* TRY IT: With the pictures left out, reproduce exactly the lines from the one containing "계양구 관내 학교는 계양마을교육" through the final line of the entries.
DATA RECORDS section start
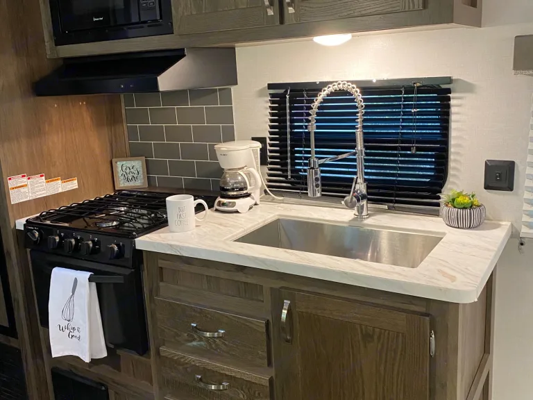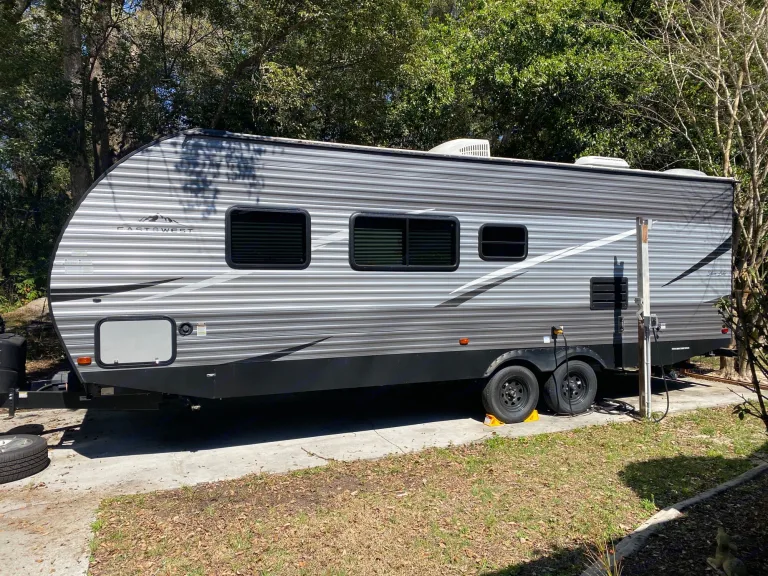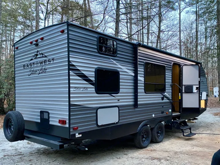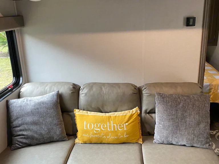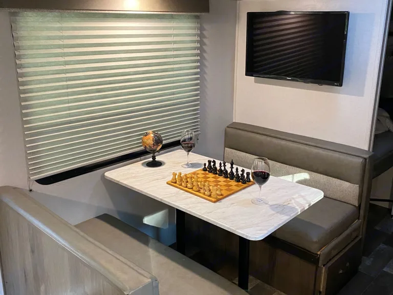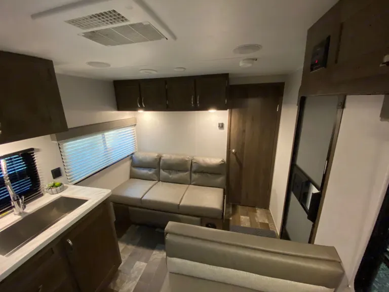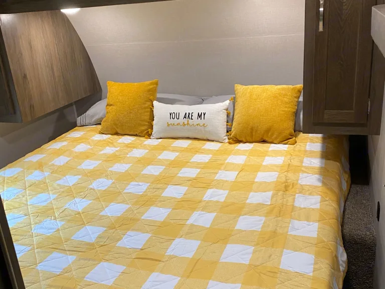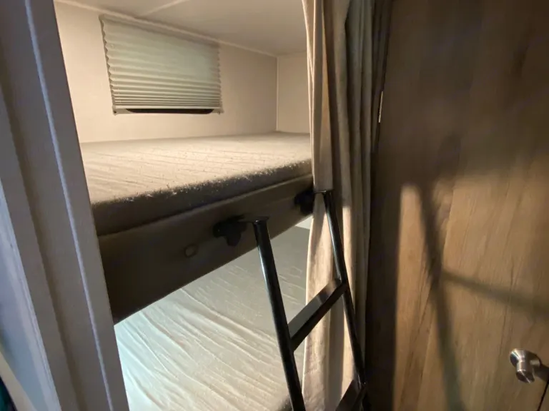 This spotless, easy to haul camper has a lot to offer! With room for up to 8 guests, the opportunities are endless. Wether you’re hanging out under the retractable awning or relaxing inside the spacious rig, you will be comfortable. The double bunks, dinette, pull-out couch, and king sized bed offer plenty of room for everyone to stretch out.The kitchen includes a three burner stove with oven, microwave, large sink and plenty of storage. The two mounted smart tvs are in the perfect locations for entertainment.One of our favorite features is the master suite which has a king sized bed, mounted smart tv, and a Door so you can have have your own tv show playing without disturbing the other guests. This suite also has his and hers closets for hanging items you may not want to have folded in your luggage. This has worked great for keeping everything in its place when it’s time to get dressed for different activities.This rig comes stocked with linens, towels, dishes, cookware, silverware, coffee pot, and cups. There are outdoor folding chairs for your use in the storage compartment at the front of the camper. We also keep a few family games stocked in the cabinet above the dinette. We hope you’ll enjoy our little camper as much as we do.What's includedLinens
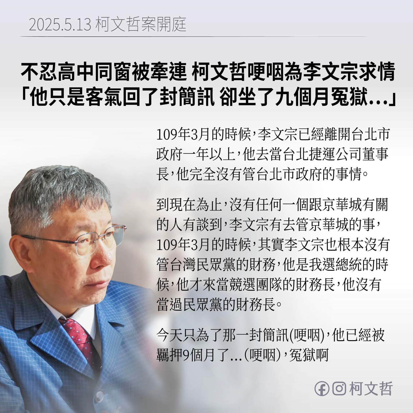 李文宗氏の弁護に立った際、彼の感情は最高潮に達した。李氏は台湾民衆党の財務責任者を務めたことはなく、京華城事件にも一切関与していないと断言した。李氏は朱亜虎氏からの寄付に関する祝賀メッセージに丁重に応答しただけであり、その後、虚偽の申し立てに基づき検察官によって告発され、約9ヶ月間拘留されていると述べた。感情を露わにした柯氏は、事態の不正義さを強調し、李氏の保釈を裁判官に嘆願した。
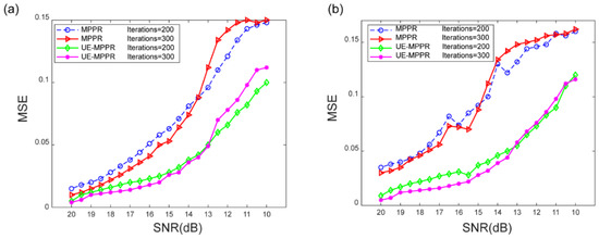 Figure 2c. As the number of iterations increases, the RMSE values are gradually decreased. Obviously, the UE-MPPR algorithm with 3 sets of parameters converges faster. From Equation (4), we can see that when the
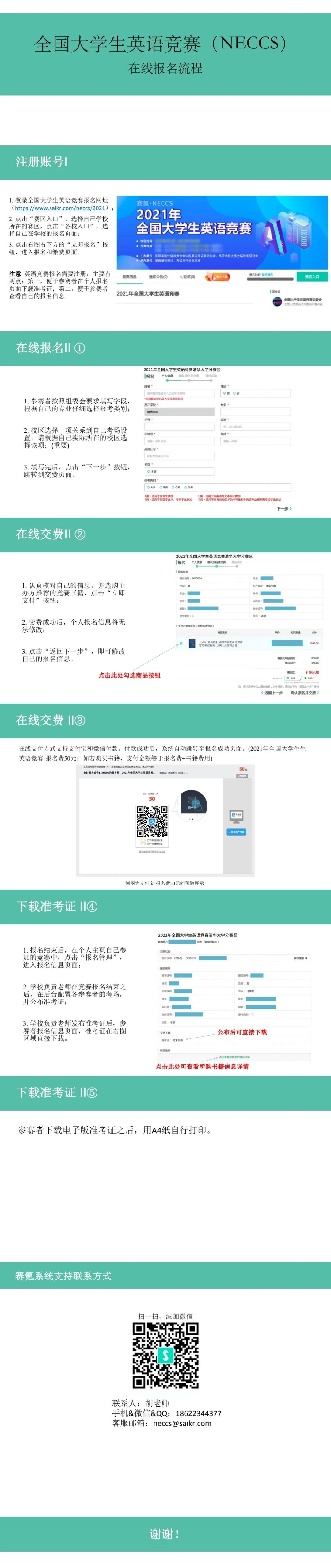 为了方便参赛同学报名及缴费,学校采用全国大学生英语竞赛组织委员会指定的赛氪网:https://www.saikr.com/neccs/2021在线报名系统进行网络报名(附件:全国大学生英语竞赛在线报名流程)。
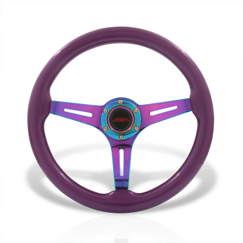 JDM Sport Universal 350mm Wood Grain Style Steel Steering Wheel Neo Chrome Center Purple Wood
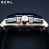 【錶殼】:18K玫瑰金錶殼,搭配經防炫光處理藍寶石水晶玻璃鏡面與底蓋、黑色陶瓷錶圈、按鈕與旋入式錶冠、微珠噴砂18K玫瑰金按鈕保護裝置
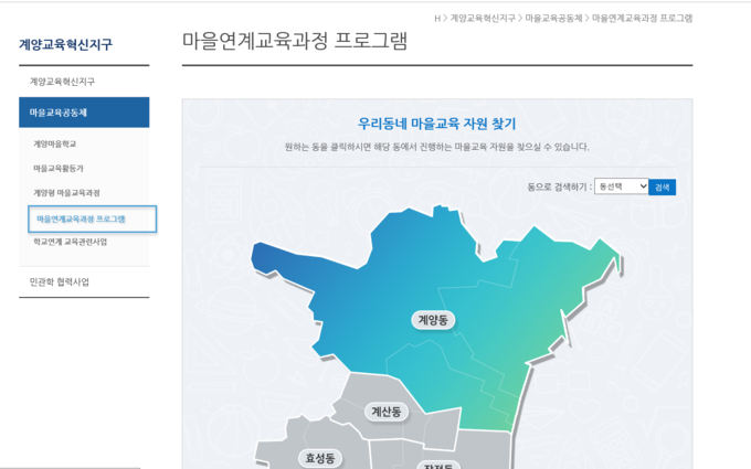 계양구 관내 학교는 계양마을교육 원클릭 시스템을 통해 계양마을교육단체 프로그램을 학교 교육과정에 맞는 단체 및 마을활동가와 연결을 지원한다.
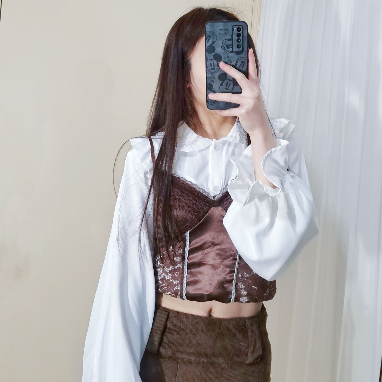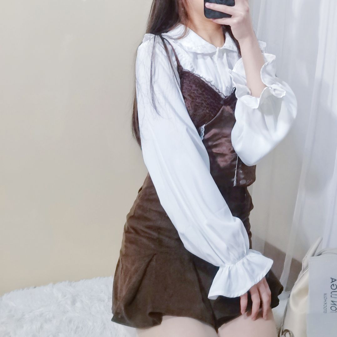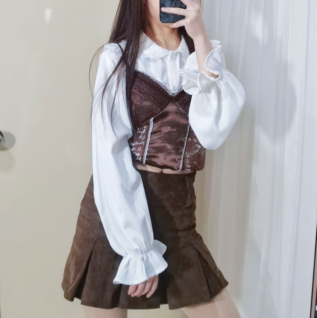 棕色蕾丝吊带背心 配上棕色灯芯绒超短裙 简直不要太👍 🔗大桔家DJDL 光腿:涞觅
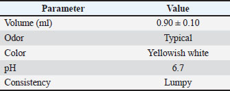 Table 1 summarizes the macroscopic characteristics of fresh Dorper ram semen (n=8 ejaculates). All ejaculates exhibited normal physical characteristics, including typical odor, yellowish-white color, and lumpy consistency, indicating good semen quality suitable for further processing. The semen pH was consistent among samples.
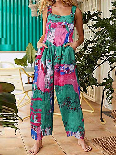 L&ieserram Salopette Casual da Donna con Bretelle Tute estive Boho Larghe a Gamba Larga Tuta Corta Floreale Tuta Larga Pantaloni Larghi con Tasca (C-Green, Small)
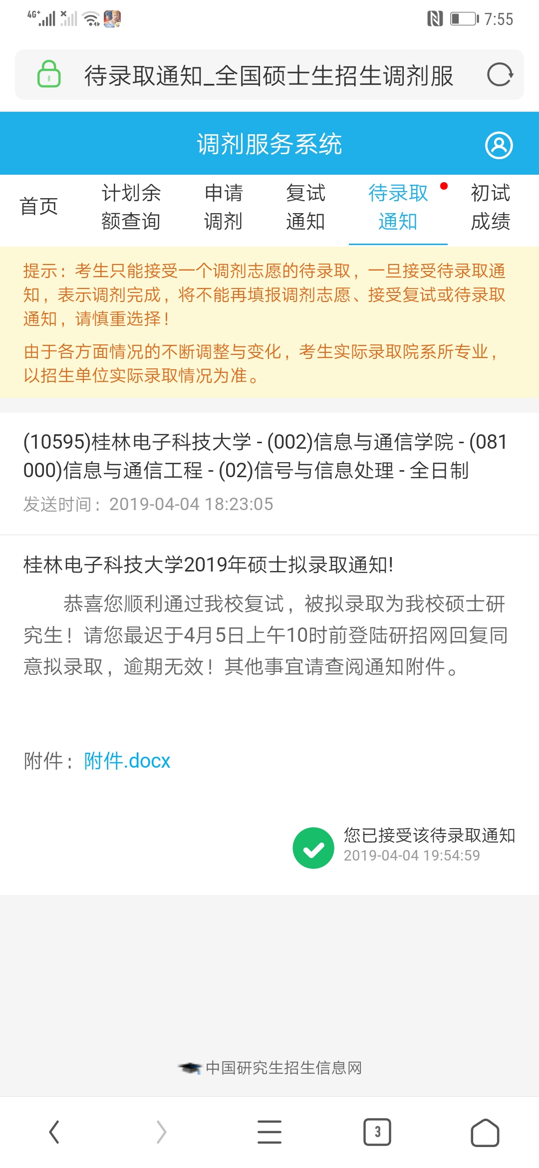 说错了,调剂的志愿就不是在这个调剂上面发通知
DATA RECORDS section end
* ANSWER TO THIS EXERCISE:
 계양구 관내 학교는 계양마을교육 원클릭 시스템을 통해 계양마을교육단체 프로그램을 학교 교육과정에 맞는 단체 및 마을활동가와 연결을 지원한다.
 棕色蕾丝吊带背心 配上棕色灯芯绒超短裙 简直不要太👍 🔗大桔家DJDL 光腿:涞觅
 Table 1 summarizes the macroscopic characteristics of fresh Dorper ram semen (n=8 ejaculates). All ejaculates exhibited normal physical characteristics, including typical odor, yellowish-white color, and lumpy consistency, indicating good semen quality suitable for further processing. The semen pH was consistent among samples.
 L&ieserram Salopette Casual da Donna con Bretelle Tute estive Boho Larghe a Gamba Larga Tuta Corta Floreale Tuta Larga Pantaloni Larghi con Tasca (C-Green, Small)
 说错了,调剂的志愿就不是在这个调剂上面发通知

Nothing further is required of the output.